We try to ship Django releases that don't contain any bugs that cause
unexpected data-loss or major system crashes at runtime -- they're the
only type of bug that we genuinely consider critical, and we postpone
releases if anyone reports them. So, there *shouldn't* be any of those
bugs in our system.

Beyond that, it's difficult to point you at a list of "important
tickets". Anything that is currently open is a candidate for being
closed; the tickets that get closed are the ones that people actively
pursue to completion.

So - what should you do? Well, here's the general list of tasks that
need attention:

 * Any ticket in the unreviewed state [1] needs to be verified. See if
you can reproduce the problem described. If you can, move the ticket
to Accepted. If you can't, close the ticket. If you think there is a
major design issue in question, move to Design Decision Needed. Ask
around on IRC if you need guidance on how to treat a given ticket. If,
in the process of verifying the problem, you can construct a test case
that is integrated with Django's own test suite, you get bonus points;
upload a patch containing the test when you mark the ticket accepted.
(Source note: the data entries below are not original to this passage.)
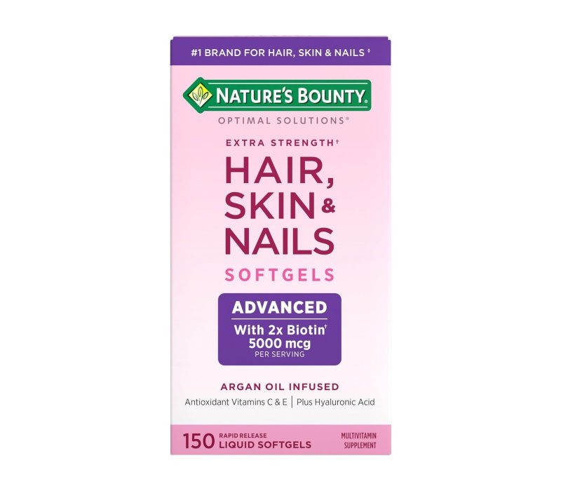 De la marca n.° 1 para cabello, piel y uñas, (2) las cápsulas blandas de liberación rápida Nature's Bounty Extra Strength Hair, Skin & Nails están repletas de biotina y contienen vitaminas antioxidantes C y E, además de ácido hialurónico y nutrientes vitales para promover un cabello hermoso, una piel radiante y uñas saludables desde adentro hacia afuera. (1) Cada porción de nuestras cápsulas blandas contiene vitaminas antioxidantes A, C y E, además de ácido hialurónico y biotina para ayudar a mantener un cabello, una piel y uñas saludables.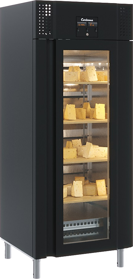 Холодильный шкаф Carboma M700GN-1-G-HHC 0430 предназначен для вызревания мяса и сыра и приготовления колбас на предприятиях общественного питания и торговли. Модель оснащена 4 полками-решетками, дверью со стеклопекетом, доводчиком и встроенным замком, регулируемыми ножками высотой от 70 до 90 мм и встроенной эргономичной ручкой. Внешняя поверхность выполнена из черной крашеной стали, внутренняя поверхность - из нержавеющей стали.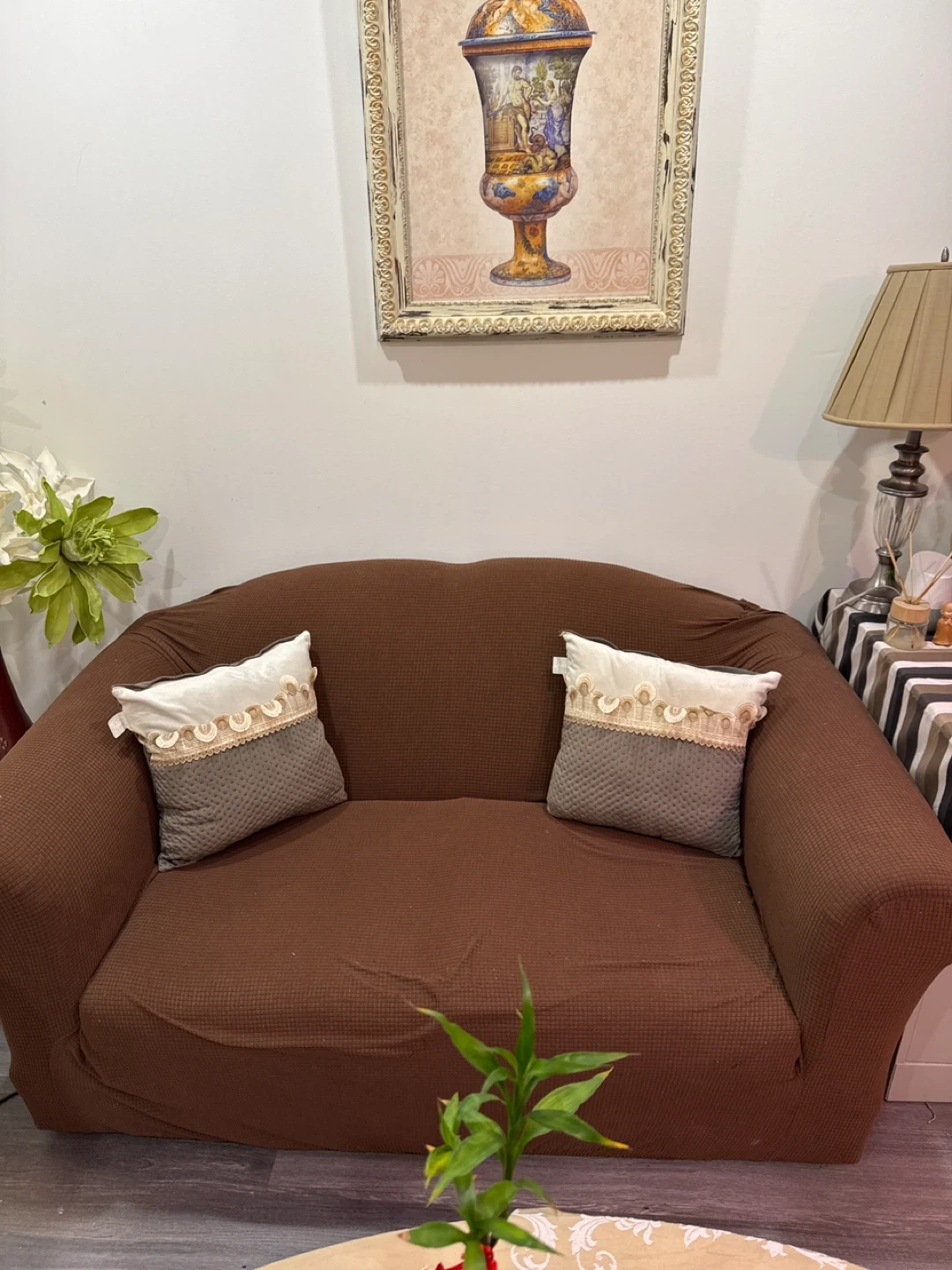 Love seat Brown Couch Cover with Textured Pattern

 * Any ticket in the accepted state that doesn't already have a patch
[2], needs a patch. Try your hand at fixing the problem.

 * Any ticket in the accepted state that has a patch, but isn't marked
"needs docs", "needs tests" or "needs improvement" [3] probably needs
a review by someone. Review the patch; if it seems like the right fix
for the problem, and it has tests and docs (as required), move it to
RFC.

 * Any ticket in the accepted state that *is* marked "needs docs" [4],
"needs tests" [5] or "needs improvement" [6] indicates that there is
work to be done. Fix the problem, drop the flag.

[1] 
http://code.djangoproject.com/query?status=new&status=assigned&status=reopened&order=priority&stage=Unreviewed

[2] 
http://code.djangoproject.com/query?status=new&status=assigned&status=reopened&has_patch=%211&order=priority&stage=Accepted

[3] 
http://code.djangoproject.com/query?status=new&status=assigned&status=reopened&needs_better_patch=%211&needs_tests=%211&needs_docs=%211&has_patch=1&order=priority&stage=Accepted

[4] 
http://code.djangoproject.com/query?status=new&status=assigned&status=reopened&needs_docs=1&has_patch=1&order=priority&stage=Accepted

[5] 
http://code.djangoproject.com/query?status=new&status=assigned&status=reopened&needs_tests=1&has_patch=1&order=priority&stage=Accepted

[6] 
http://code.djangoproject.com/query?status=new&status=assigned&status=reopened&needs_better_patch=1&has_patch=1&order=priority&stage=Accepted

These queries reveal some pretty long ticket lists, which still leaves
the issue of which one to pick.

[2]-[6] can be filtered by milestone, which will reduce the ticket
count a little; the milestone isn't a guaranteed marker that an issue
is important, but it usually means that *someone* thinks it is
important.

Any ticket with lots of discussion, or a long CC list probably
indicates that there are lot of people interested. This is also a
reasonable indication that a ticket is worth looking into.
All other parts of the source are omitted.